Spectral cues and temporal integration during cylinder echo discrimination by bottlenose dolphins (Tursiops truncatus).

Three bottlenose dolphins (Tursiops truncatus) participated in simulated cylinder wall thickness discrimination tasks utilizing electronic "phantom" echoes. The first experiment resulted in psychometric functions (percent correct vs wall thickness difference) similar to those produced by a dolphin performing the task with physical cylinders. In the second experiment, a wide range of cylinder echoes was simulated, with the time separation between echo highlights covering a range from <30 to >300 µs. Dolphin performance and a model of the dolphin auditory periphery suggest that the dolphins used high-frequency, spectral-profiles of the echoes for discrimination and that the utility of spectral cues degraded when the time separation between echo highlights approached and exceeded the dolphin's temporal integration time of ∼264 µs.

Dolphin echo-delay resolution measured with a jittered-echo paradigm.

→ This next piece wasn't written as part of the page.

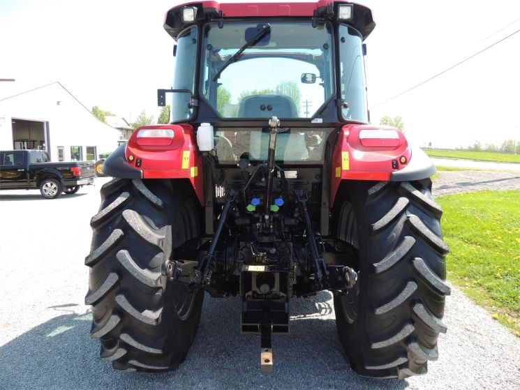Specifications: 2018 Case IH Farmall 120C Tractor Drive: MFWD HP: 117 Hours: 270 Excellent Tractor that is LOADED with OPTIONS!! 24/24 Power Shuttle, Plumbed for Grapple, Weights, Made in Italy, Deluxe Cab, SL Loader, SHARP!! Case IH Farmall 120C -4x4 -Deluxe Cab, Heat, A/C -270 Hours -117 Engine Hp -99 Pto Hp -4 Cylinder Diesel Engine w/Turbo -Engine Speed Management -Engine Pre-Heater -w/Case IH L630 Quick Attach Loader -Loader is Self Leveling -Loader is Plumbed to Operate Grapple Etc. -Factory Joystick, Plumbed for 3rd Function -Grill Guard -7' Quick Attach Bucket -Skid Steer Style Carrier -24/24 Synchronized Gear Transmission w/2 Speed Power Shift -Power Reverser (Deluxe Controller) -Shuttle Reactivity Switch (easily set the reverser sensitivity) -Hand Park Brake (no park gear) -Power Steering -Differential Lock -540/1000 Pto Capable (both shafts are included) -2 Rear Hyds -Deluxe Electronic 3 Point Control in Cab -External Buttons on Both Fenders to Control 3 Point & Pto -Deluxe Telescopic 3 Point Arms -Top Link -Stabilizer Bars -Galaxy Radial Tires -18.4R34 Rear Tires @ 90% -14.9R24 Front Tires @ 90% -Tires are not Loaded -2 Set of Rear Wheel Weights -Rear Fender Extensions -2 Exterior Mirrors -2 Entry Doors -Corner Post Exhaust -Front & Rear Work Lights on Cab -Front & Rear Wiper -Visibility Roof in Cab (Tilts Open) -Deluxe Air Ride Seat w/Swivel -Buddy Seat -Tilt & Telescopic Wheel -Hand & Foot Throttle -Radio w/Bluetooth Capabilities -Cup Holder -Sun Visor -Rear-view Mirror -Excellent Condition!

Biosonar echo delay resolution was investigated in four bottlenose dolphins (Tursiops truncatus) using a "jittered" echo paradigm, where dolphins discriminated between electronic echoes with fixed delay and those whose delay alternated (jittered) on successive presentations. The dolphins performed an echo-change detection task and produced a conditioned acoustic response when detecting a change from non-jittering echoes to jittering echoes. Jitter delay values ranged from 0 to 20 µs. A passive listening task was also conducted, where dolphins listened to simulated echoes and produced a conditioned acoustic response when signals changed from non-jittering to jittering. Results of the biosonar task showed a mean jitter delay threshold of 1.3 µs and secondary peaks in error functions suggestive of the click autocorrelation function. When echoes were jittered in polarity and delay, error functions shifted by approximately 5 µs and all dolphins discriminated echoes that jittered only in polarity. Results were qualitatively similar to those from big brown bats (Eptesicus fuscus) and indicate that the dolphin biosonar range estimator is sensitive to echo phase information. Results of the passive listening task suggested that the dolphins could not passively detect changes in timing and polarity of simulated echoes.